◆ **Work request**: Copy every line of the data exactly, keeping out any picture.

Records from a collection
--------------------

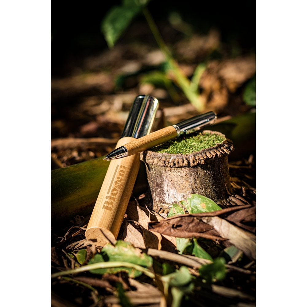 Artikel-Nr: PST91775-160Kugelschreiber aus Bambus und Aluminium mit einer metallischen matten Oberfläche. Drehmechanismus und Clip aus Metal. Blauschreibende Mine. Geliefert in einem Geschenketui aus Kraftpapier. Da das Produkt aus natürlichen Materialien hergestellt wird, können Farbe des Produkts sowie das Druckergebnis von Produkt zu Produkt unterschiedlich sein. Kugelschreiber: Ø12 x 136mm | Schachtel: 23 x 155 mm
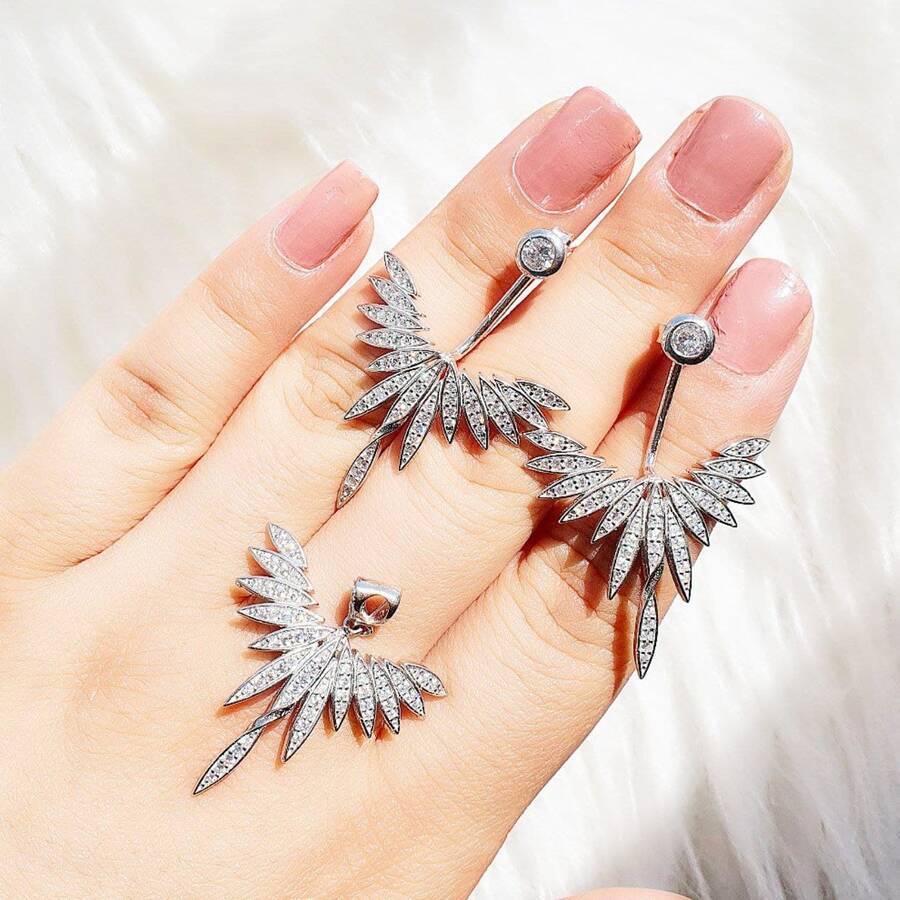 نیم ست مدل میکرو همراه با روکش آبطلای سفید؛ لازم به ذکر است که تمامی نگین های این نیم ست جدید و ظریف با روش جدید و به روز میکروستیگ مخراج کاری شده اند.
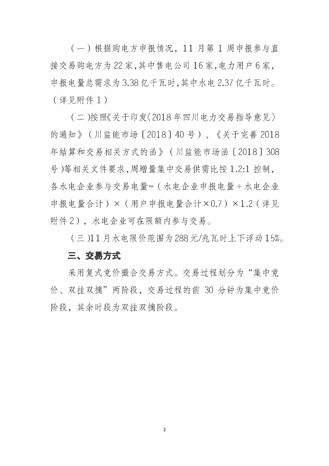 公告 | 四川關(guān)于開展2018年11月第1周直接交易的公告
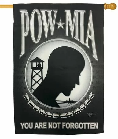 Designed by Newt Heisley in a collaborative effort with Annin flag makers and Mrs. Mary Hoff, wife of Navy Commander Michael G. Hoff was shot down in combat during the Vietnam War. The flag became a symbol for our military personnel who were missing in action or prisoners of war. The iconic and famous silhouette image as well as the slogan “You are not forgotten” are both a result of this popular flag design. The POW/MIA flag is the second most widely used flag in the USA, Only our beloved American flag has greater sales and production volume. The POW/MIA flag is also the only flag other than the American flag that is allowed to fly over the White House and continuously over the US Capital’s rotunda.
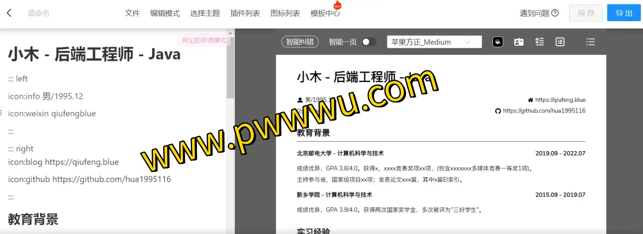 木及简历是一款依托Markdown语法的线上简历编辑平台。它内置了数十款设计精良的简历版式,用户能够轻松地制作出专业且外观出众的求职简历,从而为求职过程提供便利。
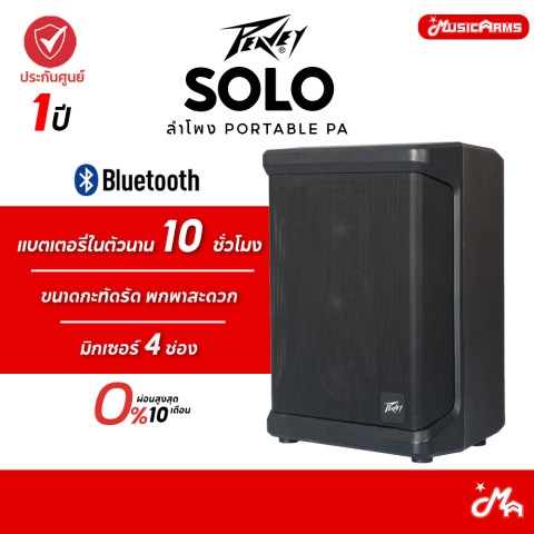 Peavey SOLO Portable PA ลำโพงพกพาระดับโปรที่ให้ทั้งความสะดวกและคุณภาพเสียงแบบมืออาชีพ เหมาะสำหรับนักดนตรี งานประชาสัมพันธ์ อีเวนต์กลางแจ้ง ไปจนถึงกิจกรรมส่วนตัว ใช้งานง่าย พกพาคล่อง พร้อมมิกเซอร์ในตัวและแบตเตอรี่ลิเธียมใช้งานได้ยาวนาน
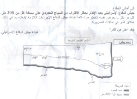 During the previous week, the Israeli military dropped numerous leaflets in Arabic on the Gaza Strip. The leaflets included two maps of the Gaza Strip with warnings for the population not to approach the border with Israel and about the danger posed by the Palestinian militants operating in the Gaza Strip.
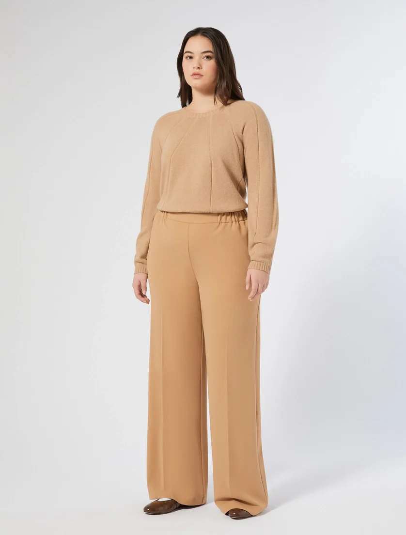 Pantalone linea a palazzo Marina Rinaldi, elastico in vita sul retro, tasche alla francese ai fianchi, piega stirata, colore cammello
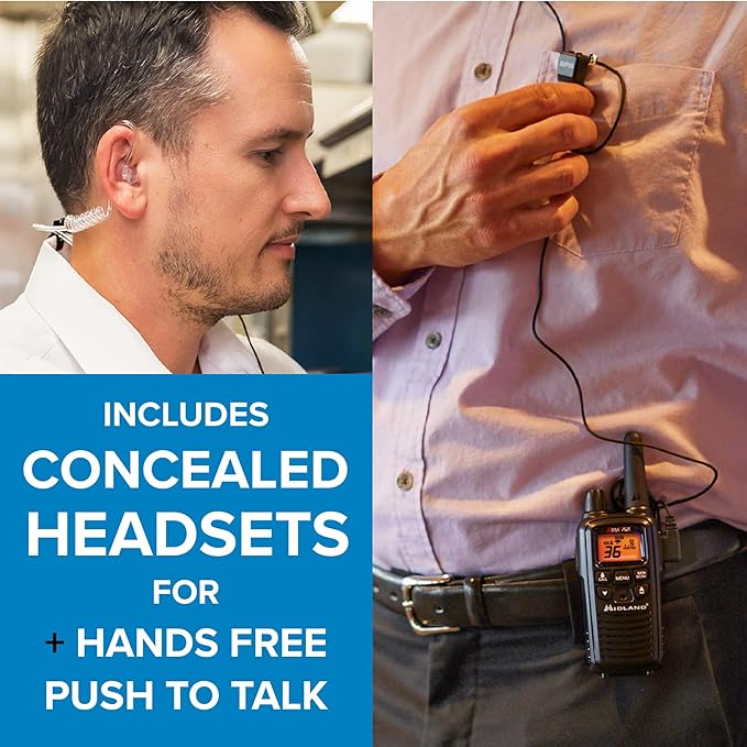 - UP TO 30-MILE RANGE* 2-WAY RADIOS WITH HEADSETS - These walkie-talkies feature 36 FRS (Family Radio Service) channels, along with channel scan to check for activity. Concealed headsets ensure discreet use. *Longer range communication in open areas with little or no obstruction

--------------------

◆ **Reply**:
 Artikel-Nr: PST91775-160Kugelschreiber aus Bambus und Aluminium mit einer metallischen matten Oberfläche. Drehmechanismus und Clip aus Metal. Blauschreibende Mine. Geliefert in einem Geschenketui aus Kraftpapier. Da das Produkt aus natürlichen Materialien hergestellt wird, können Farbe des Produkts sowie das Druckergebnis von Produkt zu Produkt unterschiedlich sein. Kugelschreiber: Ø12 x 136mm | Schachtel: 23 x 155 mm
 نیم ست مدل میکرو همراه با روکش آبطلای سفید؛ لازم به ذکر است که تمامی نگین های این نیم ست جدید و ظریف با روش جدید و به روز میکروستیگ مخراج کاری شده اند.
 公告 | 四川關(guān)于開展2018年11月第1周直接交易的公告
 Designed by Newt Heisley in a collaborative effort with Annin flag makers and Mrs. Mary Hoff, wife of Navy Commander Michael G. Hoff was shot down in combat during the Vietnam War. The flag became a symbol for our military personnel who were missing in action or prisoners of war. The iconic and famous silhouette image as well as the slogan “You are not forgotten” are both a result of this popular flag design. The POW/MIA flag is the second most widely used flag in the USA, Only our beloved American flag has greater sales and production volume. The POW/MIA flag is also the only flag other than the American flag that is allowed to fly over the White House and continuously over the US Capital’s rotunda.
 木及简历是一款依托Markdown语法的线上简历编辑平台。它内置了数十款设计精良的简历版式,用户能够轻松地制作出专业且外观出众的求职简历,从而为求职过程提供便利。
 Peavey SOLO Portable PA ลำโพงพกพาระดับโปรที่ให้ทั้งความสะดวกและคุณภาพเสียงแบบมืออาชีพ เหมาะสำหรับนักดนตรี งานประชาสัมพันธ์ อีเวนต์กลางแจ้ง ไปจนถึงกิจกรรมส่วนตัว ใช้งานง่าย พกพาคล่อง พร้อมมิกเซอร์ในตัวและแบตเตอรี่ลิเธียมใช้งานได้ยาวนาน
 During the previous week, the Israeli military dropped numerous leaflets in Arabic on the Gaza Strip. The leaflets included two maps of the Gaza Strip with warnings for the population not to approach the border with Israel and about the danger posed by the Palestinian militants operating in the Gaza Strip.
 Pantalone linea a palazzo Marina Rinaldi, elastico in vita sul retro, tasche alla francese ai fianchi, piega stirata, colore cammello
 - UP TO 30-MILE RANGE* 2-WAY RADIOS WITH HEADSETS - These walkie-talkies feature 36 FRS (Family Radio Service) channels, along with channel scan to check for activity. Concealed headsets ensure discreet use. *Longer range communication in open areas with little or no obstruction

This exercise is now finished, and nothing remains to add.